◆ **Instructions for the task**: Exactly as written, transcribe the data from its opening line through the line containing "В мережі з’явилася". Leave every picture out.

━━━━━ Records for processing ━━━━━

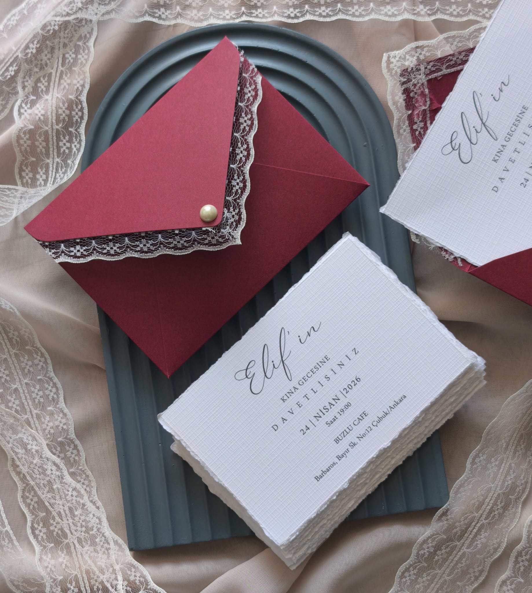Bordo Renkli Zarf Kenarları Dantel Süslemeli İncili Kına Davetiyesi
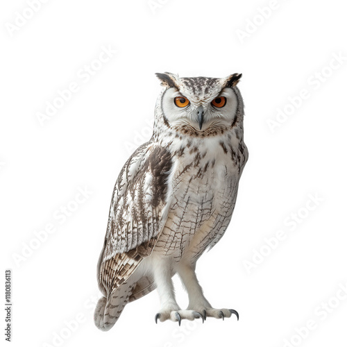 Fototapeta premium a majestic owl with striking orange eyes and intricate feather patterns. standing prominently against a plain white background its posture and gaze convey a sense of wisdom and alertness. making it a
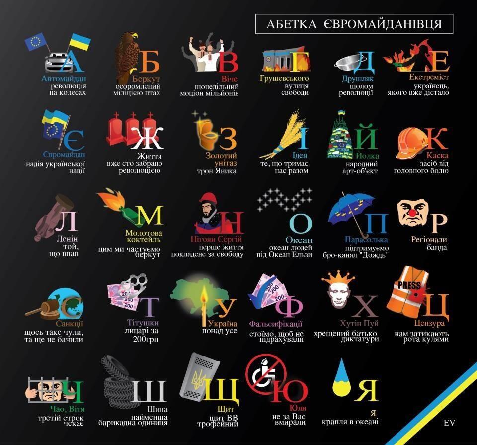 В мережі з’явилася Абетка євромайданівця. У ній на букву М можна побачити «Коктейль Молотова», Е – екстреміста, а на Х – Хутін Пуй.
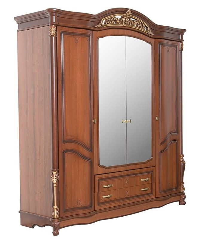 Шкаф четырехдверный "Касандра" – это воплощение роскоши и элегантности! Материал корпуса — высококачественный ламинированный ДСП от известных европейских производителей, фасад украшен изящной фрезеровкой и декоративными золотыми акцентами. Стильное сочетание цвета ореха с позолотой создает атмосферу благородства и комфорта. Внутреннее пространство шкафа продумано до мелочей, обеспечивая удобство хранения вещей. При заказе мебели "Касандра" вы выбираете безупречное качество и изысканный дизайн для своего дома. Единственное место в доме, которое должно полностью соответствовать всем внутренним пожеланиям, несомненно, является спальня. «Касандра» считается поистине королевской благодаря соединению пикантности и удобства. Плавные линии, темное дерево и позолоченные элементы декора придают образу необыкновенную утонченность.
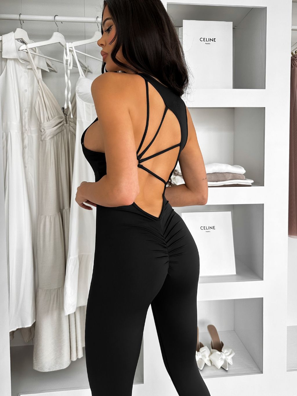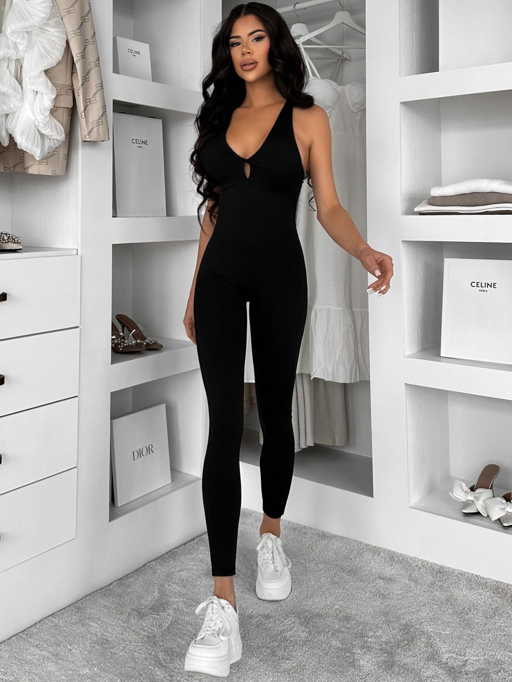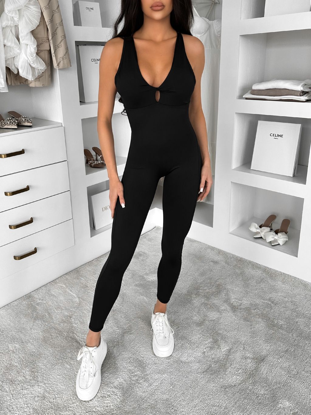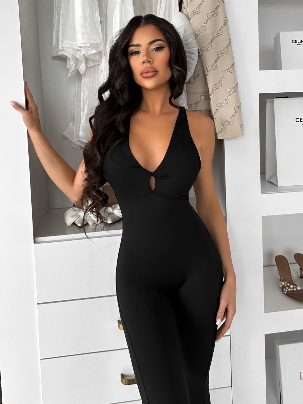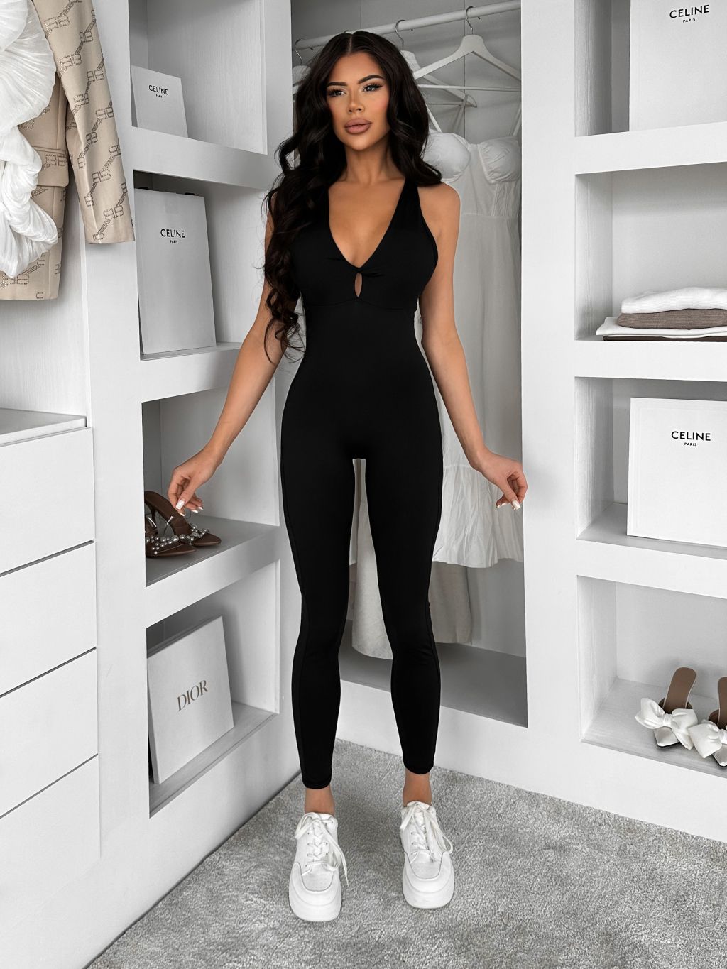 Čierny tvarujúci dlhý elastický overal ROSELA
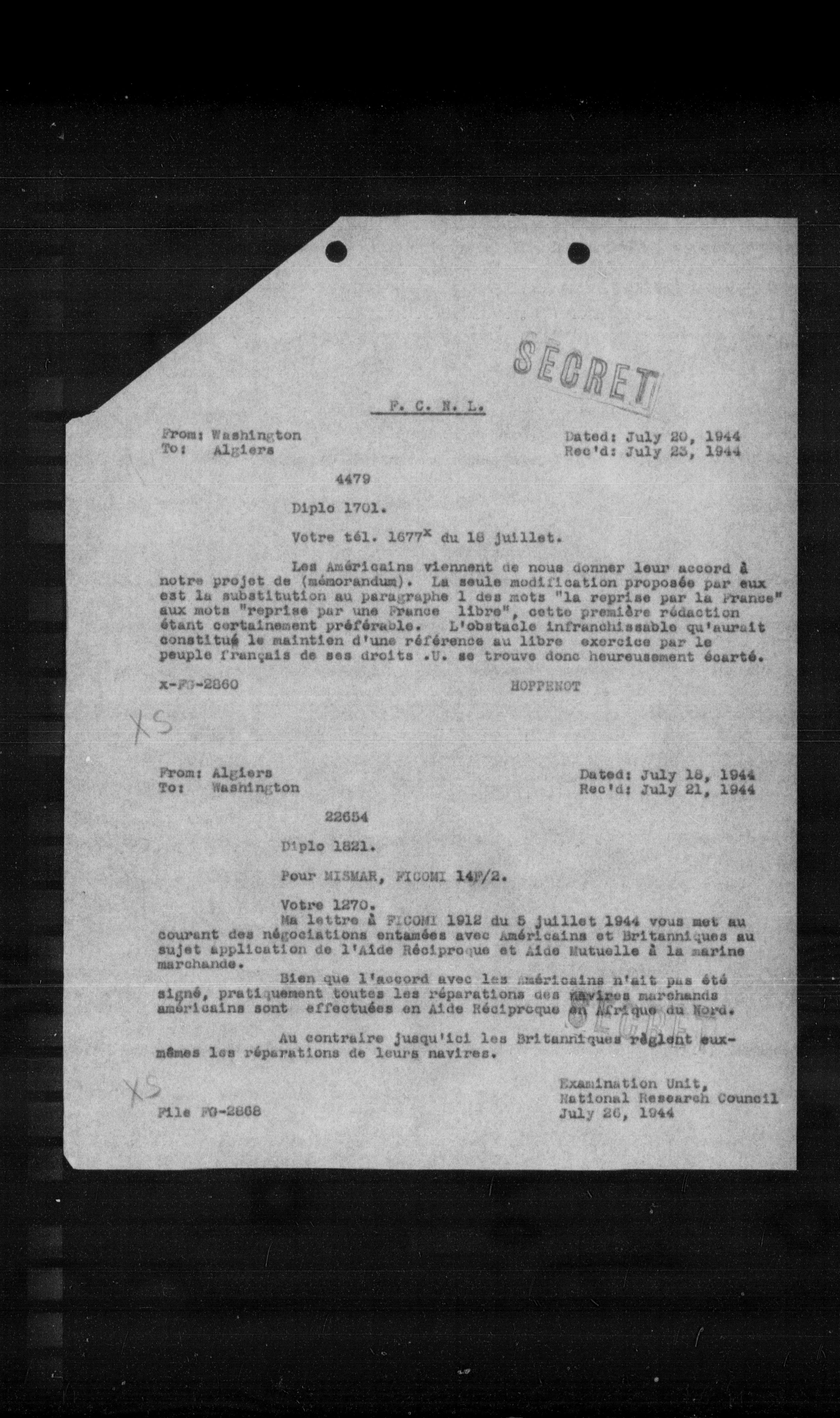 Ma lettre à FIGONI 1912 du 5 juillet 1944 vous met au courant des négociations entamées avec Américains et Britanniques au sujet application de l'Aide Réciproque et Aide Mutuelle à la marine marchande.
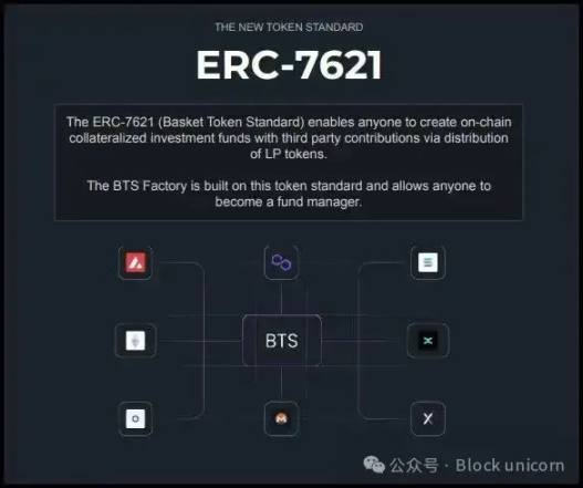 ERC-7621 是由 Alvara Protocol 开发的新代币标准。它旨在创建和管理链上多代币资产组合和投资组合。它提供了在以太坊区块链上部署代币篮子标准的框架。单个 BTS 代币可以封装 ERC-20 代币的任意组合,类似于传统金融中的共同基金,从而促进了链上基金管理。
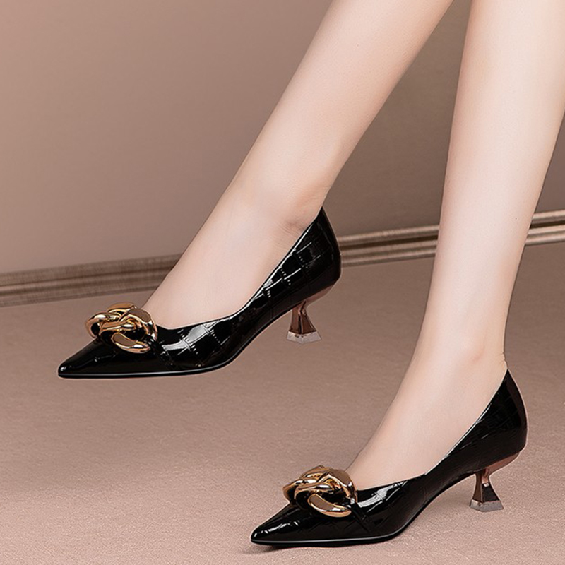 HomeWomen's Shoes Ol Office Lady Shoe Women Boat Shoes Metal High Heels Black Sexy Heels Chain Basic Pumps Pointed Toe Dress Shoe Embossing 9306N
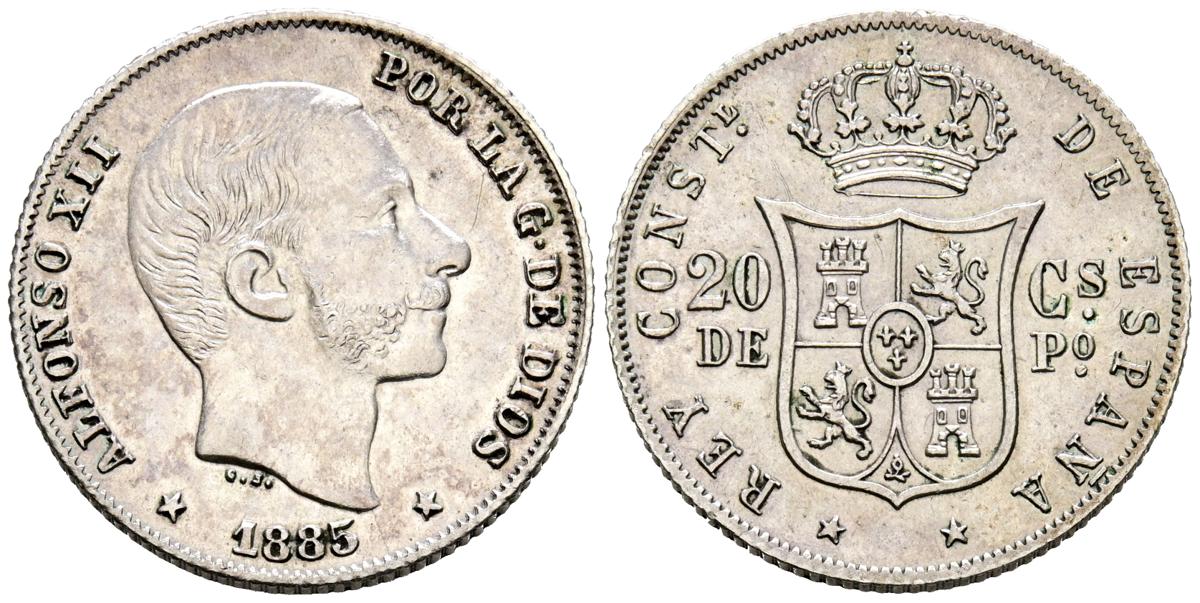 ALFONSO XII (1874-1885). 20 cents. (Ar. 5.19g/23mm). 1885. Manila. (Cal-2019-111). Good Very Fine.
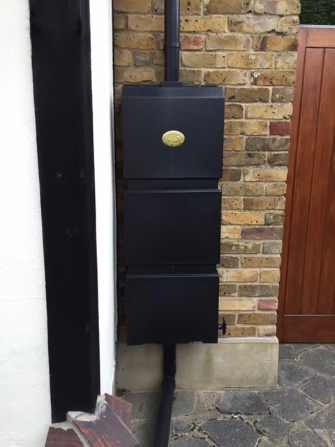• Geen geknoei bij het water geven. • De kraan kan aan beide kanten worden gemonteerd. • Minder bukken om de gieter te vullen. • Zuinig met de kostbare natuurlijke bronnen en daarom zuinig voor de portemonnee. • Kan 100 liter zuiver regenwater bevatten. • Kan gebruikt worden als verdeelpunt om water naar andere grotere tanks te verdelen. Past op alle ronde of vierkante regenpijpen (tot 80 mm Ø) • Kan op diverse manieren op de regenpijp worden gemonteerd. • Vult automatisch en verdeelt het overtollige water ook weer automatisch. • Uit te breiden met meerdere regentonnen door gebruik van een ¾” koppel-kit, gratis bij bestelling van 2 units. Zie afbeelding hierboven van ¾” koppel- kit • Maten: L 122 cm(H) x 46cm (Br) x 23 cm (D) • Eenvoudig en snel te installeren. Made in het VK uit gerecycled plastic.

━━━━━

◆ **Answer for this exercise**:
Bordo Renkli Zarf Kenarları Dantel Süslemeli İncili Kına Davetiyesi
 Fototapeta premium a majestic owl with striking orange eyes and intricate feather patterns. standing prominently against a plain white background its posture and gaze convey a sense of wisdom and alertness. making it a
 В мережі з’явилася Абетка євромайданівця. У ній на букву М можна побачити «Коктейль Молотова», Е – екстреміста, а на Х – Хутін Пуй.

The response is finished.